YOUR SOLIN GENERATED RECIPE
Crispy Chorizo and Egg Breakfast Burrito
Sautéed turkey chorizo and fluffy eggs wrapped in a toasted tortilla with melted cheddar and crisp peppers for a satisfying, protein-packed start.
INGREDIENTS
3 oz ground turkey chorizo
1 large egg
0.6 cup egg whites
1 medium whole wheat tortilla
0.25 cup red bell pepper
0.25 cup yellow onion
0.5 tsp extra virgin olive oil
1 tbsp shredded sharp cheddar cheese
0.25 tsp sea salt
0.25 tsp black pepper
PREPARATION
In a medium non-stick skillet over medium-high heat, add the ground turkey chorizo and cook until browned, breaking it up with a spatula.
Add the diced red bell pepper and yellow onion to the skillet and sauté for 3-4 minutes until the vegetables are tender and fragrant.
In a small bowl, whisk together the large egg and egg whites with sea salt and black pepper until well combined.
Lower the heat to medium, pour the egg mixture into the skillet, and scramble gently with the chorizo and peppers until the eggs are just set.

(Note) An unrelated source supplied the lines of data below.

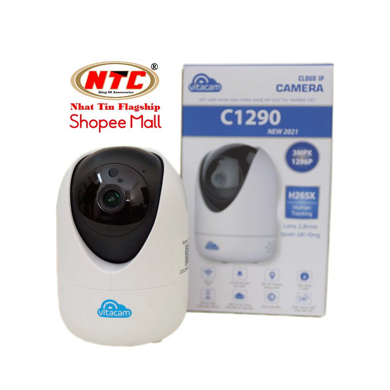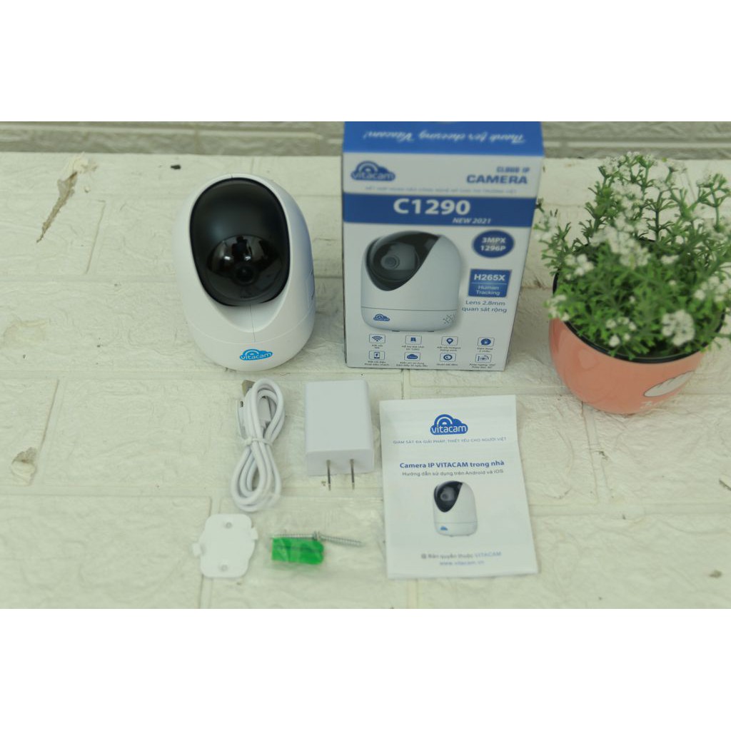 VITACAM C1290 - Độ phân giải 3MPX chuẩn Ultra HD - lens 2.8mm góc quan sát siêu rộng, quan sát ban đêm, xoay 360 độ, đàm thoại hai chiều, human tracking.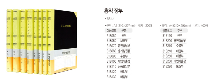 * 구분을 색상란에서 선택하시기 바랍니다.특징- 구분 : 금전, 원부, 보조, 총계, 상품, 매매, 매상, 매입, 어음, 간편장부- 400Page ■ 품명 및 모델명: 장부A4(400P/매매/홍익사) ■ 법에 의한 인증, 허가 등을 받았음을 확인할 수 있는 경우 그에 대한 사항: 해당없음 ■ 제조국 또는 원산지: 국산 ■ 수입여부: 해당없음 ■ 안전인증여부: 해당없음
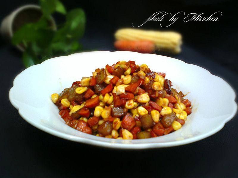2:玉米剥下玉米粒洗净,胡萝卜去皮洗净切丁,大黄瓜去皮去瓤洗净切丁,蒜切碎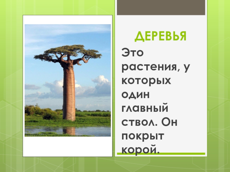 ДЕРЕВЬЯЭто растения, у которых один главный ствол. Он покрыт корой.

Spoon the filling into the center of the whole wheat tortilla and sprinkle with the shredded sharp cheddar cheese.
Fold the sides of the tortilla inward and roll tightly to form a burrito, then place it seam-side down in the skillet greased with olive oil.
Toast the burrito for 1-2 minutes per side over medium heat until the exterior is golden brown and perfectly crispy before serving.